WSO also measures average hours worked per week. The top firm in that metric was New York-based Greentech Capital Advisors, at an astounding 86.3 hours. Employees at 10 firms report working more than 80 hours in a given week.

“We have a very large data set, especially for banking,” Curtis says, pointing out that WSO also compiles private equity, hedge fund, and other data. “Some of the really interesting things that I think are useful to candidates looking at these firms, you can look at the intern offer rates, and that’s a super useful graph: It helps you know where to go if you’re deciding between two similar banks. Say you’re mulling internship offers from Credit Suisse and Rothschild or Evercore of Greenhill — you can see that the boutique has a high rate of hiring its interns, and that push you to go with the boutique.

ABOUT THAT PERCENTILE THING … 

“But we also have loads of data that allows you to dive into any one of the specific companies and actually look at the reviews and look at the interviews and look at the compensation data that kind of makes up these graphs.”

A word about the report’s somewhat unusual methodology. WSO compiles data (from 47,362 total submissions and counting) and ranks banks by percentile using Bayesian probability, so each chart — with a few exceptions, such as actual compensation figures and percentage of interns who are hired to full-time positions — shows the same series of 30 percentages in descending order. For example, Credit Suisse ranked third in Overall Employee Satisfaction at 95.2%, while Wells Fargo ranked third in Professional Growth Opportunities at an identical 95.2%. How is this possible? As Curtis explains, percentiles simply show where a company ranks out of a certain number of companies — in this case, 63. “When we ask an employee a certain question, banks get different scores based on these responses — but that doesn’t change the total number of banks involved in the dataset.”

Curtis says in the example above, where Credit Suisse and Wells Fargo both landed No. 3 on separate metrics but got equal scores, “the reason the percentiles are exactly the same is because for that specific metric, they were both ranked No. 3 out of 63 total firms — in this case the percentile formula is (63 – 3)/63. Another way to look at it: The average score of metric 1, Overall Employee Satisfaction, is 3.6 stars. If a company gets one 5-star review on that metric, “we don’t want to rank that ahead of a company with 10 reviews and an average ranking of 4.9 stars,” Curtis says.

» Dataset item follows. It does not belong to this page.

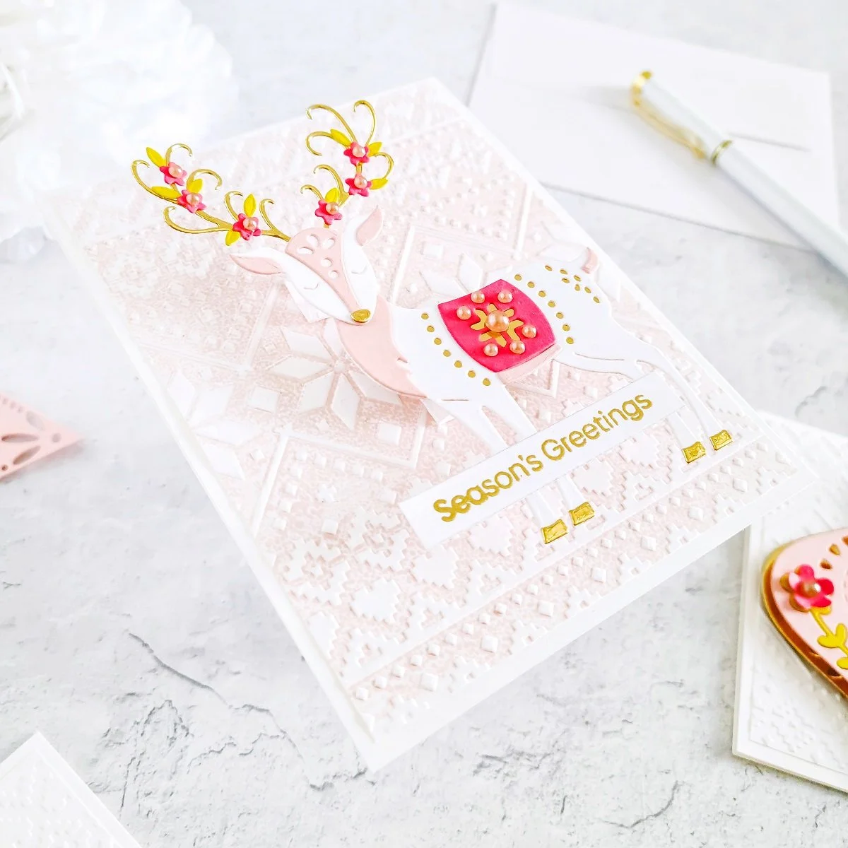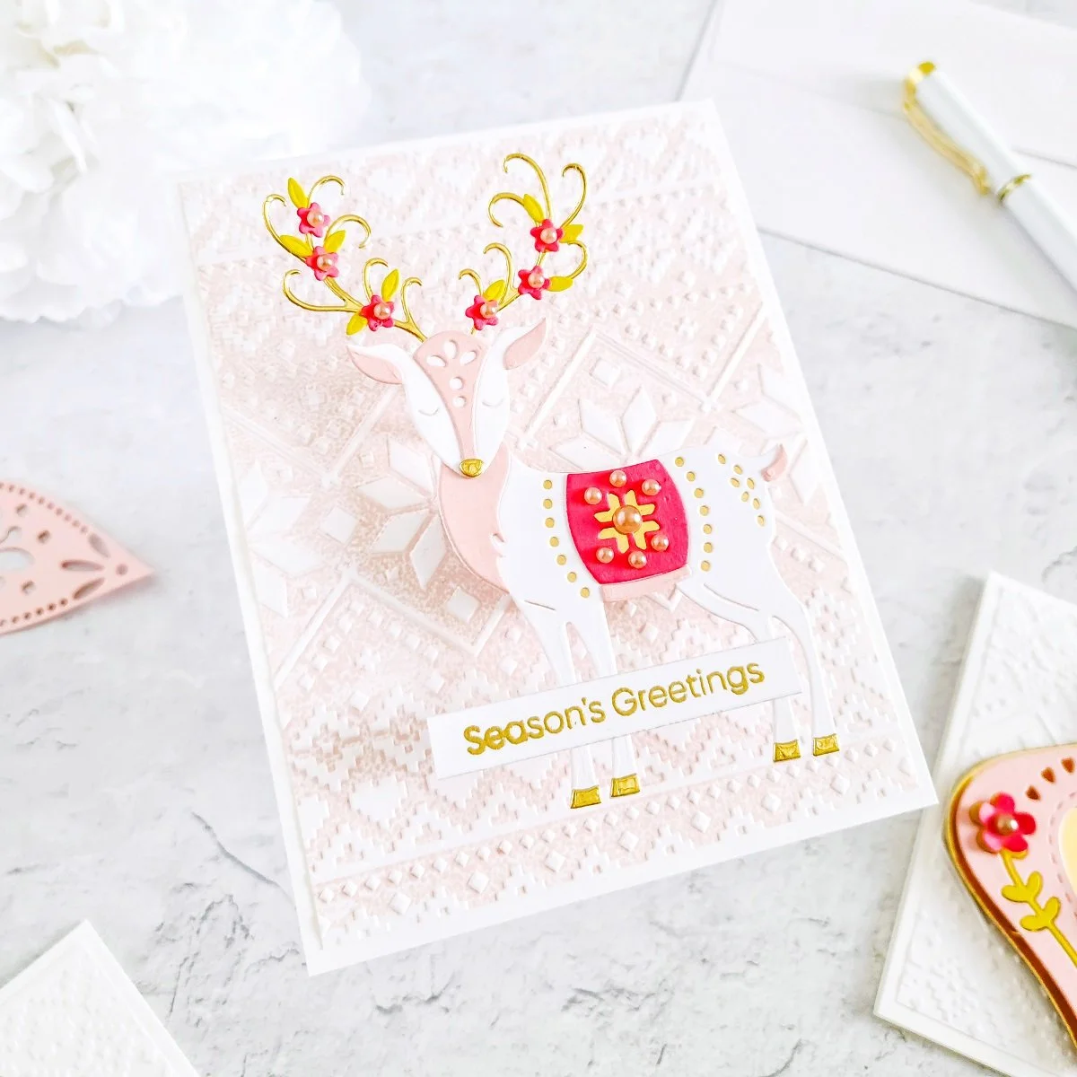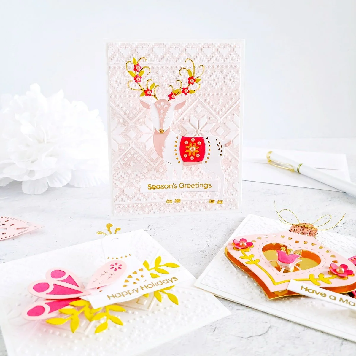 Happy Sunday, Friends! On today’s blog, I’d like to share with you a whimsical set of holiday inspiration cards made with a “Winter Scandinavian” look showcasing the latest; Winter Tales Collection by Zsoka Marko for Spellbinders. Which includes: Nordic Ornaments Etched Dies, Folk Song Etched Dies, Magical Deer Etched Dies, Peace & Joy Clear Stamp, Ski Lodge Embossing Folder, and Enchanted Garden Etched Dies. So, without further ado let’s jump right in to the step-by-step for how I made them ↓

Why do it this way? “The Bayesian stuff,” he continues, “is just a way to deal with companies where there are only a few observations. So, what Bayesian stats allows you to do is pull the companies with less reviews closer to the average of the entire group, so that as more votes come in they are pulled more toward their actual average and away from group average. (This gives you) higher confidence that the score is a true reflection versus just one or two votes (and) prevents companies with only a few great or bad reviews from ranking above or below companies with many great or bad reviews.”